We recommend using Docker for running Directory sync.

First, you will need to set up the environment variables for this:

Variable Purpose Default if not specified
DS_DIRECTORY_URL Base URL of the Directory https://directory-backend.molgenis.net
DS_DIRECTORY_USER_NAME User name for logging in to Directory
DS_DIRECTORY_USER_PASS Password for logging in to Directory
DS_DIRECTORY_DEFAULT_COLLECTION_ID ID of collection to be used if not in samples
DS_DIRECTORY_MIN_DONORS Minimum number of donors per star model hypercube 10
DS_DIRECTORY_MAX_FACTS Max number of star model hypercubes to be generated
DS_DIRECTORY_ALLOW_STAR_MODEL Set to 'True' to send star model info to Directory False
DS_DIRECTORY_MOCK Set to 'True' mock a Directory. In this mode, directory-sync will not contact the Directory. All Directory-related methods will simply return plausible fake values. False
DS_DIRECTORY_ONLY_LOGIN Set to 'True' to log in to the Directory, without carrying out any further actions. False
DS_FHIR_STORE_URL URL for FHIR store http://bridgehead-bbmri-blaze:8080
DS_TIMER_CRON Execution interval for Directory sync, cron format
DS_RETRY_MAX Maximum number of retries when sync fails 10
DS_RETRY_INTERVAL Interval between retries (seconds) 20 seconds

DS_DIRECTORY_USER_NAME and DS_DIRECTORY_USER_PASS are mandatory. If you do not specify these, Directory sync will not run. Contact Directory admin to get login credentials.

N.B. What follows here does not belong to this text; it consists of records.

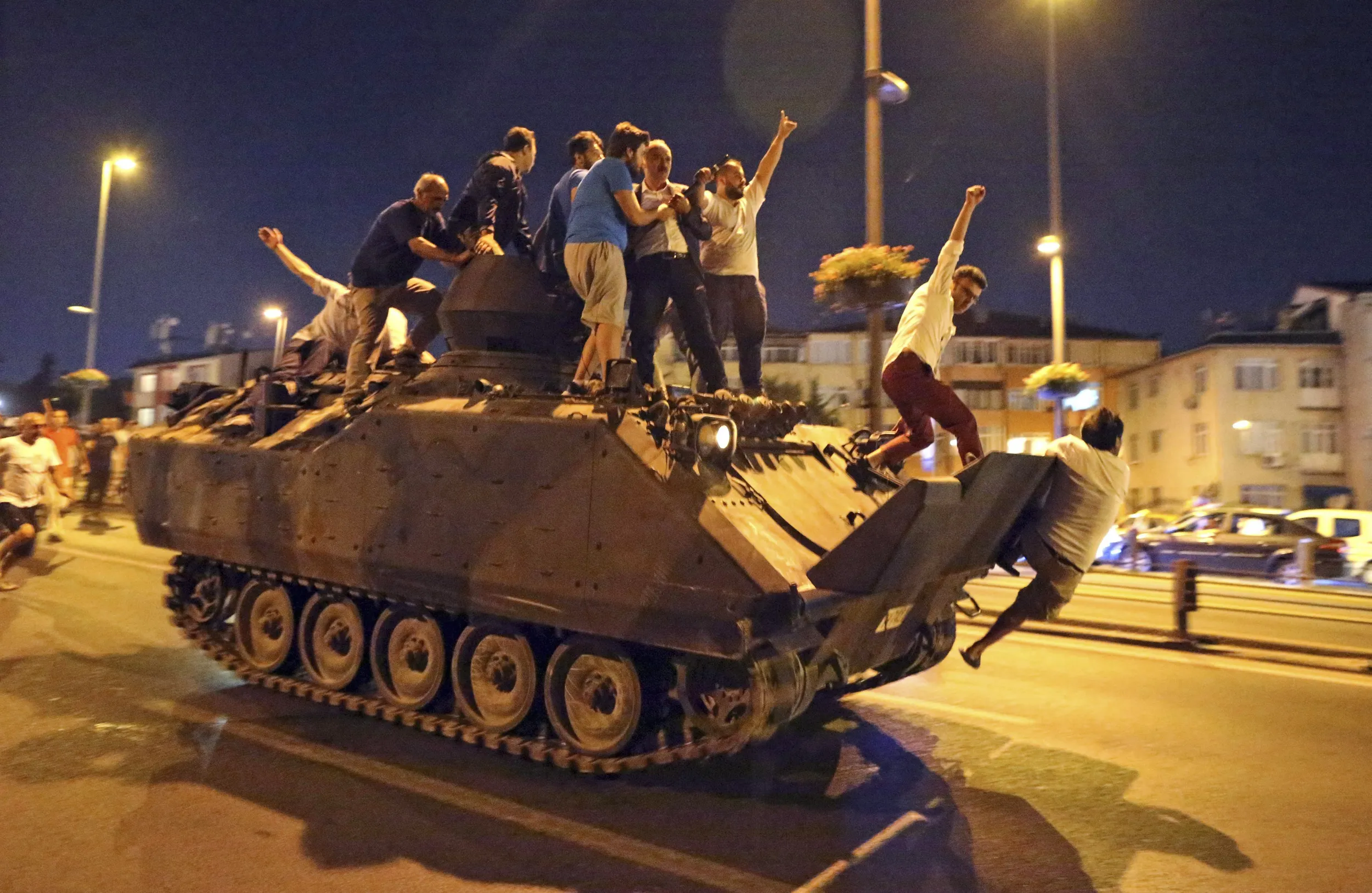 People occupy a tank in Istanbul, Turkey, 16 July 2016. (Photo by Tolga Bozoglu/EPA)
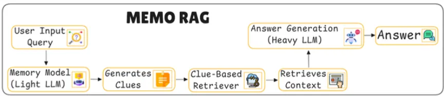 이를 위해 MemoRAG는 '메모리 모듈'을 통해 전체 데이터베이스의 중요한 정보를 기억하고, 이를 기반으로 필요한 단서를 생성하여 최종 답변을 형성하는 데 도움을 준다.
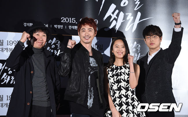 김태식 감독, 강지환, 윤진서, 박정민이 포토타임을 하고 있다.
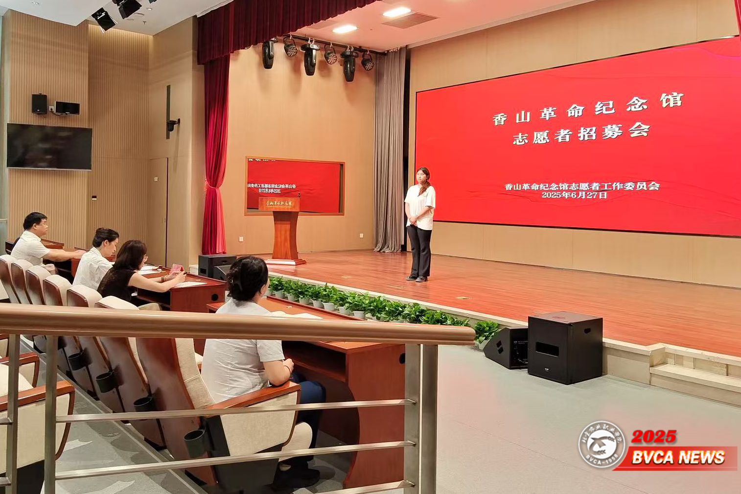 經過自薦-推薦-政審三級選拔機制,12名候選學生以出色的表現贏得紀念館專家高度評價。招募現場,同學們通過精彩的自我介紹和朗誦等特長充分展現個人素養與表達能力。香山革命紀念館宣教科的教員們聚焦香山革命紀念館所展示的這段歷史及意義、語言表達能力、溝通應變能力、心理素質,全方位進行考評,也從講解技巧運用、歷史知識闡釋、觀眾互動設計等維度進行了點評指導。面試后,紀念館宣教科負責人高度評價了同學們所展現的綜合素質和精神風貌,也希望同學們能夠深刻理解紀念館講解員的意義,期待在未來的志愿講解中看到同學們的身影。
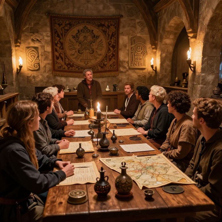 Photograph of a medieval-style meeting in a dimly lit, stone-walled room with arched ceilings. Eleven people, dressed in medieval and historical attire, are seated around a wooden table with candles, maps, and writing utensils. A middle-aged man with short gray hair stands at the head, addressing the group. The background features ornate tapestries and wall sconces with lit candles. The attendees have varying hair colors and styles, with both men and women present. The atmosphere is warm and focused, evoking a sense of historical intrigue.
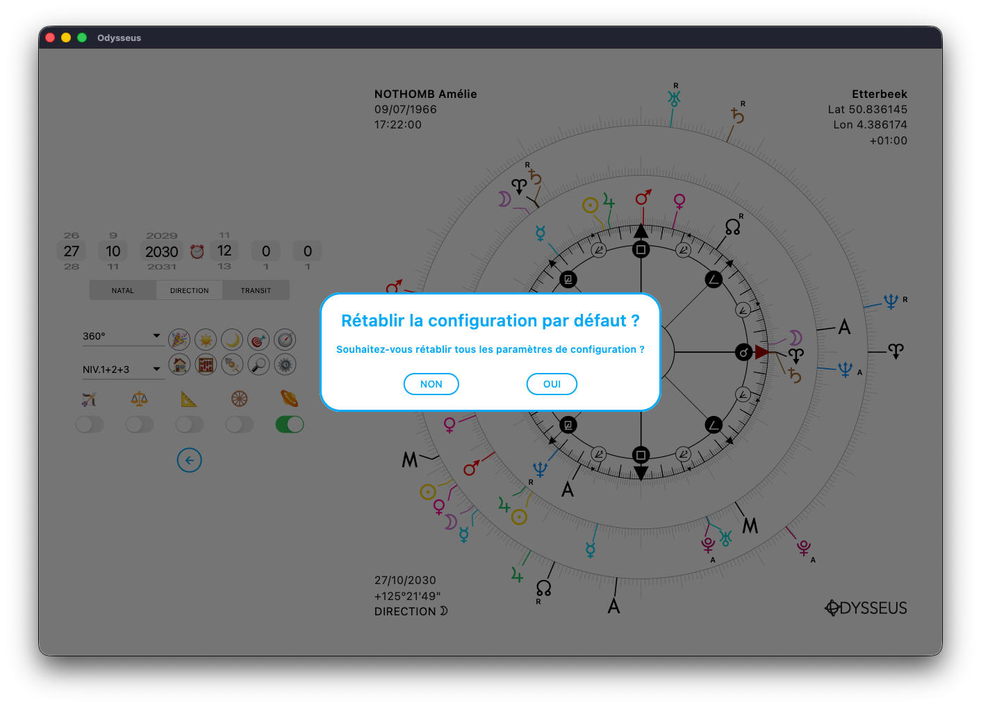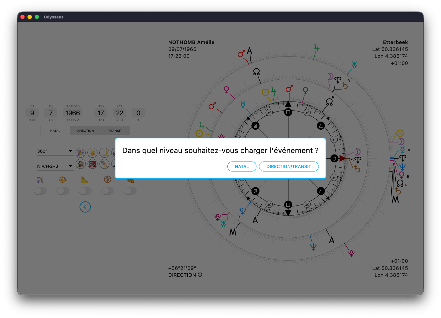 L’application vous demandera si vous voulez vraiment charger cet évènement sur le niveau natal (ce qui remplacera les données du thème) ou bien sur le niveau 2/3. Si vous analysez le thème d’un individu, choisissez toujours de charger l’évènement en DIRECTION/TRANSIT.
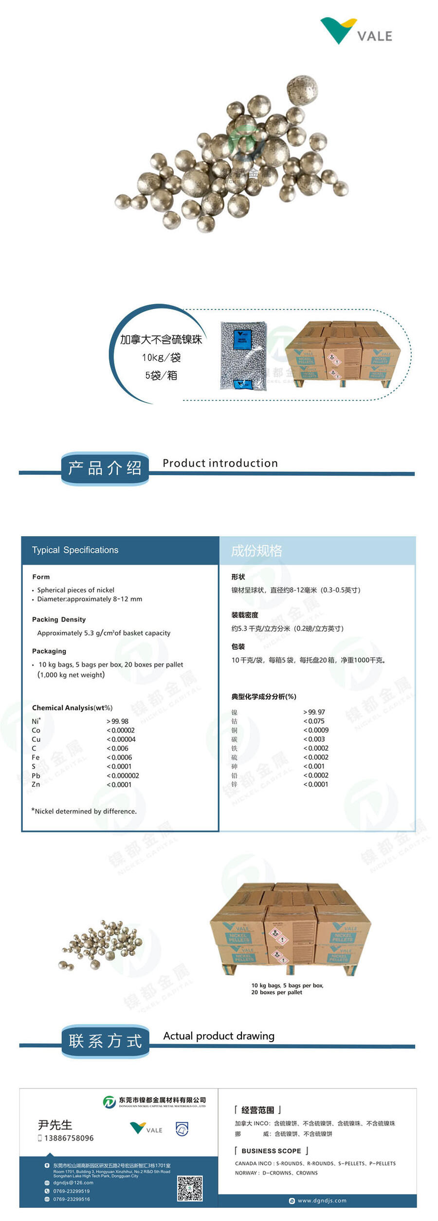 不含硫镍珠 英可不含硫镍珠,INCO不含硫镍珠,加拿大镍珠,英可镍球

DS_DIRECTORY_DEFAULT_COLLECTION_ID is not mandatory, but you will need to specify it if your ETL does not assign Directory collection IDs to specimens.

If you set DS_DIRECTORY_ALLOW_STAR_MODEL to 'True', then the star model summary information for your data will be generated and sent to the Directory. You are advised to talk to your local data protection group before doing this.

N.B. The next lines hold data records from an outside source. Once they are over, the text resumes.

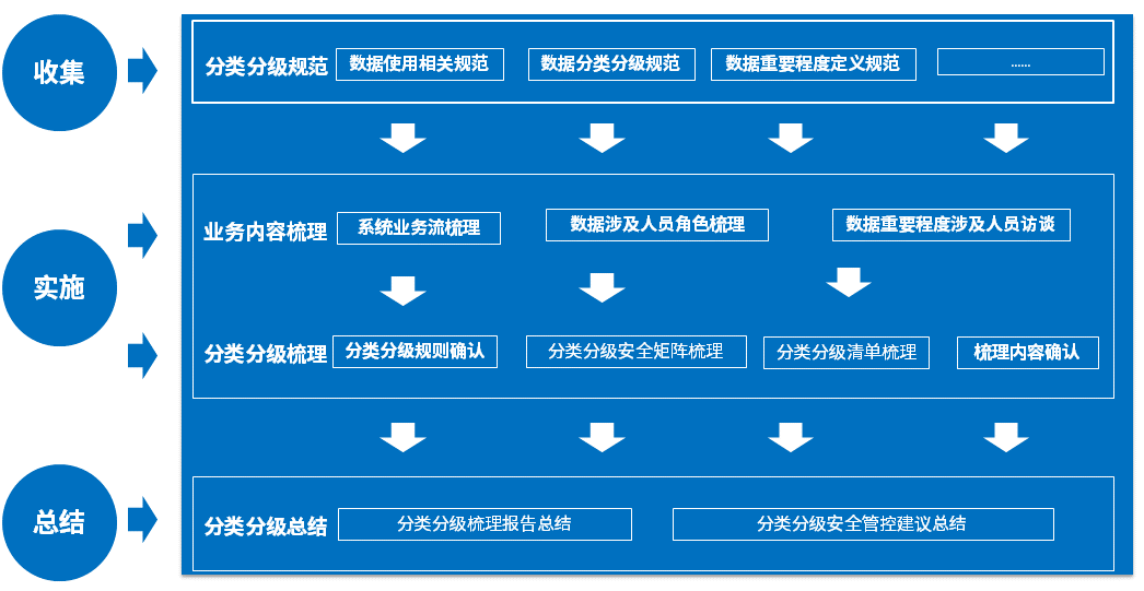威廉希尔500欧洲指数通过大量的政务行业用户实践经验积累,形成了一套行之有效的分类分级方法,根据相关的法律法规要求,采用数据分类分级工具+专业服务人员的组合,全面开展数据分类分级工作,形成政务行业用户的数据分类分级清单。整体服务流程如下:
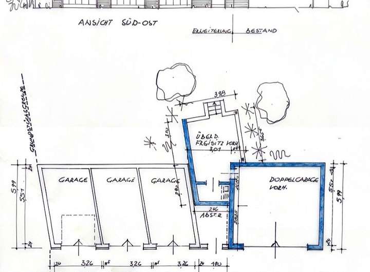 5 Garagen (in 1988 erbaut), 4 Pkw-Stellplätze
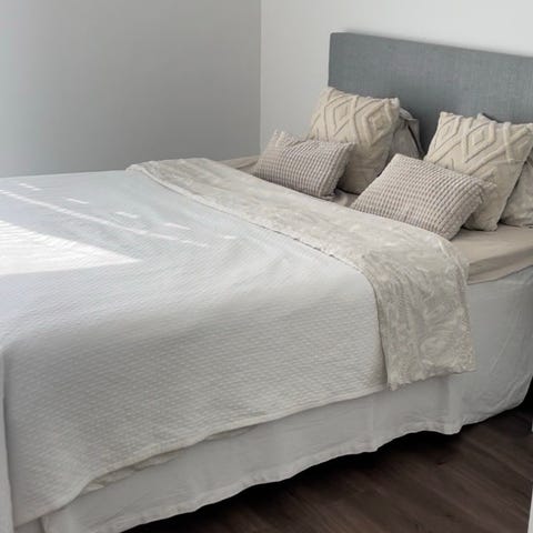 Ikean Espevär sängyn runkokehikko ja Valevåg pussijousitettu kiinteä patja
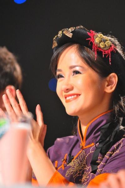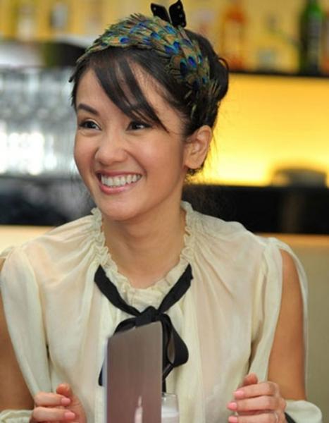 Nét nhẹ nhàng, duyên dáng của Hồng Nhung khá hợp với khăn vành đóng.

If DS_TIMER_CRON is not specified, Directory sync will be executed once, and then the process will terminate.

The DS_RETRY_ variables specify how Directory sync reacts to failure. RETRY_MAX should be greater than zero. A typical case where retries may be necessary is when you simultaneously start Directroy sync and FHIR store. It takes some time for a FHIR store to start, whereas Directory sync starts immediately, so Directory sync needs to have a way to poll the store until is ready.

If DS_DIRECTORY_MOCK is set to 'True', the Directory will not be contacted, but you will still need to specify login credentials (which will then be ignored).

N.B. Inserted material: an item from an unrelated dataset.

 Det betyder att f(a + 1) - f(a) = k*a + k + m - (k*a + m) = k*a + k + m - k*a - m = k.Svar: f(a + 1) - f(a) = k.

For your convenience, we recommend that you store these variables in a .env file. The file could look like this:

DS_DIRECTORY_URL=https://bbmritestnn.gcc.rug.nl
DS_DIRECTORY_USER_NAME=foo@foomail.com
DS_DIRECTORY_USER_PASS=qwelmqwldmqwklmdLKJNJKNKJN
DS_FHIR_STORE_URL=http://store:8080/fhir

With this configuration, the synchronization will be done just once, with the test Directory server. The login details are fake, you will need to replace them with something sensible.

To run from Docker:

docker run --env-file .env samply/directory_sync_service

Alternatively, you can use docker-compose. An example docker-compose.yml file has been included in this repository. To start:

docker-compose up

Standalone build and run

You can also build and run this service on your own computer, if Docker is not an option.

Prerequisites

Please run from within Linux.

You will need to install git, Java 19 and Maven. Clone this repository and cd into it.

Building

From the command line, run:

mvn clean install

Running

You need to provide the necessary parameters via environment variables, as documented above. These should be set in the same shell as the one that you use to run java.

Once you have done this, you can start the service directly from the command line:

java -jar target/directory_sync_service\*.jar

License

Copyright 2024 The Samply Community

Licensed under the Apache License, Version 2.0 (the "License"); you may not use this file except in compliance with the License. You may obtain a copy of the License at

http://www.apache.org/licenses/LICENSE-2.0

Unless required by applicable law or agreed to in writing, software distributed under the License is distributed on an "AS IS" BASIS, WITHOUT WARRANTIES OR CONDITIONS OF ANY KIND, either express or implied. See the License for the specific language governing permissions and limitations under the License.